Despite the potential harms to the baby both before and after birth, use of marijuana during pregnancy is rising. A 2019 analysis of over 450,000 pregnant American women ages 12 to 44 by the National Institute on Drug Abuse found cannabis use more than doubled between 2002 and 2017.
The majority of marijuana use occurred during the first three months of pregnancy, the study found, and it was predominantly recreational rather than medical.
'There is a mistaken perception that because marijuana is natural and plant-based, it's not harmful,' Lo said. 'I remind my patients that opium and heroin are also plant-based. Tobacco is a plant, and alcohol is also made from plants.'
Using alcohol during pregnancy causes fetal alcohol syndrome.
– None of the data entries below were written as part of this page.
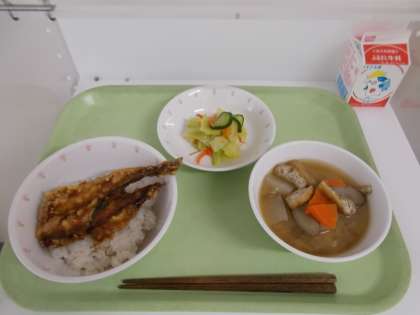 献立は、鰯の蒲焼丼、牛乳、即席漬、呉汁でした。
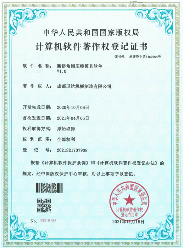 成都衛達機械制造有限公司是一家具有30余項專利、ISO9001:2015質量管理體系認證、安全標準化認證的民營獨資企業;是一家專業從事有色金屬高壓鑄造、壓鑄模具研發、設計、制造,鋁型材焊接、產品精密加工及產品表面噴塑的高新技術、專精特新企業。具有20年以上的生產經驗,為客戶提供專業、性價比高的關于產品開發--模具設計--模具制造--產品壓鑄--產品精密加工--產品表面處理等一條龍的解決方案。 公司產品涵蓋消防、閥門、LED、CNG/LNG、農機、衛星通訊、汽摩配件、建筑結構件、自動化零部件、出口鋁梯、燃氣輸配、消費電子等多個行業和領域,與幾十家國有控股、民營企業建立了長期合做關系,其中鋁型材焊接、精密加工產品已100%出口,部分系列壓鑄件也已遠銷美國、法國、日本、丹麥、瑞士、瑞典等國家。
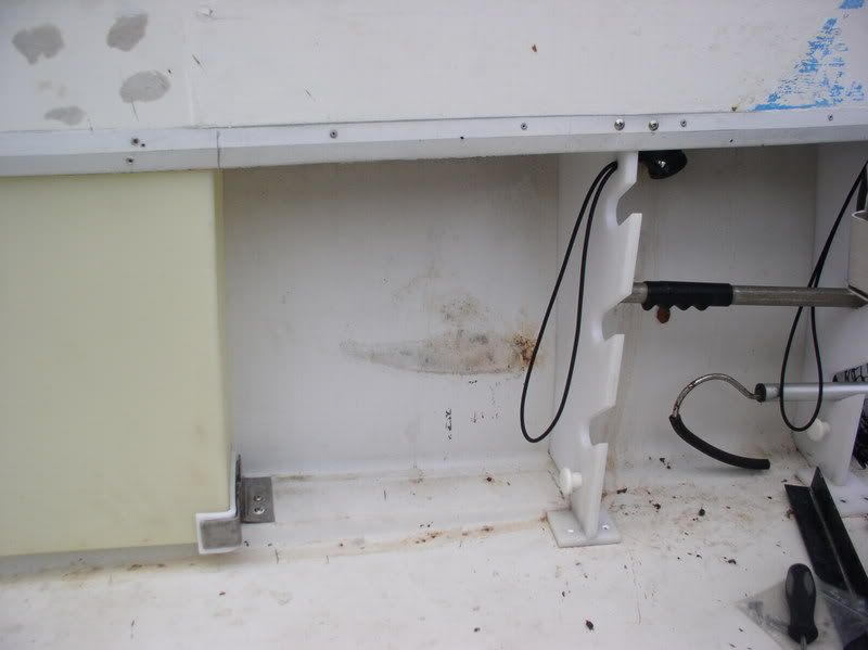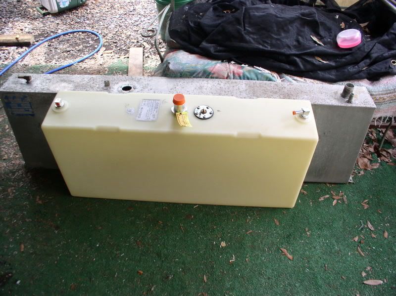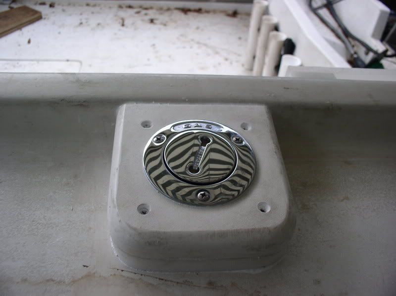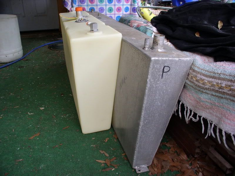 I looked for a couple of weeks for replacement options. Best bet was to send the tank to the fabricators and have one built, most likely well over $400 after shipping. Another option was to replace with a readily available one and modify the V to handle the changes. Well, that is what I ended up doing. I ordered an 18 gallon tank, with shipping less than $175, it’s a little wider and taller than the original 20 gallon one but not as long. There was a 24 gallon one available but it was even wider, taller and longer than the 18. ![]() ![]() Checking to see how much fabricating I’ll have to do with the tank in place. ![]() As you can see, there is no room for the filler neck and something has to be done about strapping it in. There was no way the 24 gallon would have fit without major modifications. Figured all I had to do was relocate the filler neck, build up the filler location and maybe everything would fall in place, oh don’t forget the strapping for the tank. Had to make brackets out of stainless and insulate with cutting board material bent with a heat gun to fit. ![]() In order to have a filler location and not a flag pole sticking up, I had to do a couple of things that would prevent double clamping the filler hose (as per USCG reg # kissmyass). Had to cut off the filler neck a little. Make a couple of shims out of Starboard and then assemble all of them. ![]() ![]() There was a peck order that had to be followed to assemble this crap. Had to bolt down the lower portion of the filler support shim. ![]() Then after cutting the hose the right length, attach it and tighten to the filler, put the tank in place, then put the clamp in place to slip over the neck in the tank. ![]() This is the ruff finish (probably as good as it will get) of the filler location. ![]() The strap locations after welding and bending the insulating materials. ![]() And we had a little of space left over between the old tank location and the rodholders. ![]() If any of ya’ll have to go thru this crap that needs saddle tank replacement, it might be better to have some replacement tanks made instead of going thru this turmoil. I didn’t feel comfortable about replacing with a used tank of the same era, just me. Didn’t want to tackle the starboard one till I had to. The steering would have to be relocated, and God knows what else!!
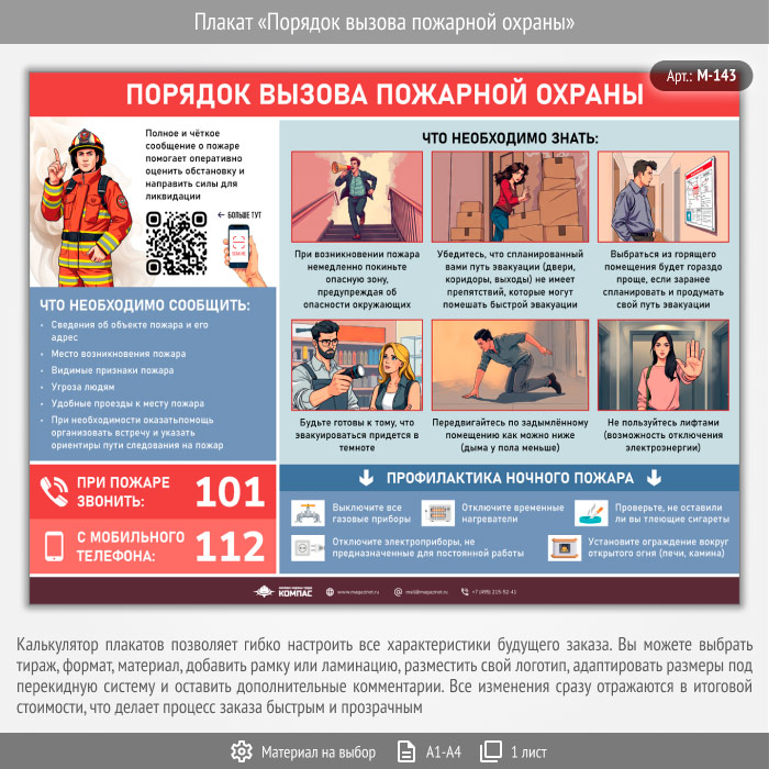 Плакат «Порядок вызова пожарной охраны» с QR (М-143, 1 лист) в Старом Осколе купить
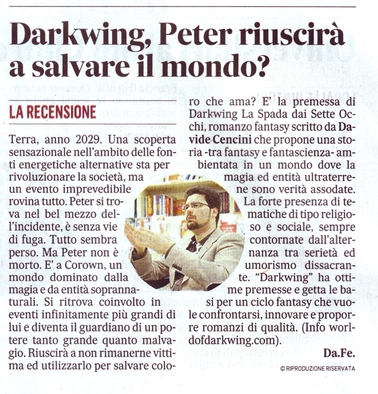 “Davvero professionale per un romanzo autoprodotto, la veste in cui viene presentato Darkwing, opera prima di Davide Cencini, autore di fumetti di origini romane. Questo primo libro segna l’inizio di una nuova saga fantasy che non ha mancato di sorprenderci per la sua incredibile freschezza e vitalità. […] Difficile resistere alla tentazione di divorare un capitolo dopo l’altro, e di volerne ancora una volta finito; perfino coloro che detestano il fantasy non potranno fare a meno di apprezzare lo stile di questo giovane scrittore, che riesce a mescolare con maestria combattimenti spettacolari, momenti intensamente drammatici e una travolgente, dissacrante ironia. Darkwing colpisce nel segno non solo grazie alla solidità della trama e all’originalità con cui è strutturata, alternando parti fantastiche a vicende di crudo realismo, ma anche per la grande umanità dei personaggi, capaci di comunicare e recitare in modo così spontaneo da catturare l’attenzione del lettore. Sebbene il romanzo sia rivolto a un pubblico maturo, non manca di toccare lettori e lettrici di tutte le età, da un lato citando gustosamente film e libri amati dal grande pubblico, dall’altro riuscendo ad affrontare con coraggio e senza peli sulla lingua temi di scottante attualità come il terrorismo e la violenza sulle donne. […] Scordatevi il solito fantasy: Darkwing demolirà gli stereotipi del genere e saprà sorprendervi ad ogni pagina. Il secondo volume è in uscita a Natale 2010. Ordinabile dal sito ufficiale http://worldofdarkwing.com e presso le librerie laFeltrinelli.”
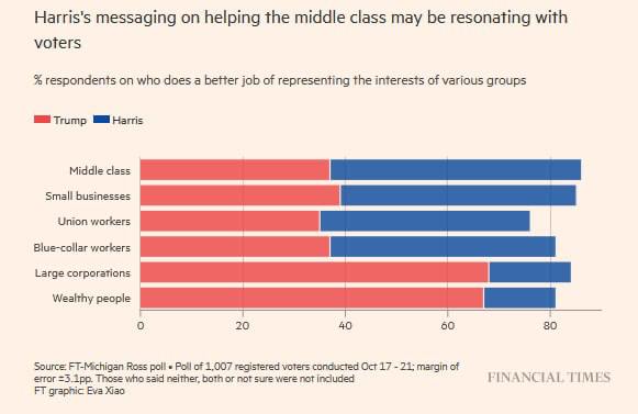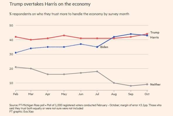 Опитування іншої газети, Financial Times, також показує, що Трамп випередив Харріс як кандидат, якому американці більше довіряють у питаннях економіки. Рейтинг Харріс з цього питання був вищим, ніж у Джо Байдена після номінації, і випереджав Трампа, проте на даний момент впав нижче, ніж у республіканця.

Smoking damages a fetus's developing lungs and brain — it is also a cause of SIDS, or sudden infant death syndrome, according to the US Centers for Disease Control and Prevention.
Taking opioids, such as fentanyl, heroin or cocaine, are well-known causes of birth defects, poor fetal development and stillbirth, plus there's a high risk the baby will be born addicted and have to undergo withdrawal.
These medical outcomes are known despite the lack of gold-standard clinical trials asking pregnant women to drink alcohol, smoke tobacco, take heroin, cocaine, oxycodone or fentanyl and then compare the outcomes to pregnant women who abstained. Such research, of course, would be grossly unethical.
Thus, because a randomized clinical trial of the impact of cannabis on a fetus will never occur, scientists focus on the outcome of self-reported use by pregnant mothers.
'This systematic review is unique in that we only reviewed studies in which cannabis was used during pregnancy,' Lo said. 'Prior work has included studies which also looked at cannabis use along with other substances such as nicotine or alcohol.'
The new research, published Monday in JAMA Pediatrics, analyzed 51 studies with over 21 million participants.
Use of marijuana during pregnancy was linked to a 52% higher risk of preterm delivery before 37 weeks — full term is 40 weeks of gestation — and a 75% higher risk of low birth weight, which is less than 2,500 grams, or roughly 5.5 pounds at delivery, the study found.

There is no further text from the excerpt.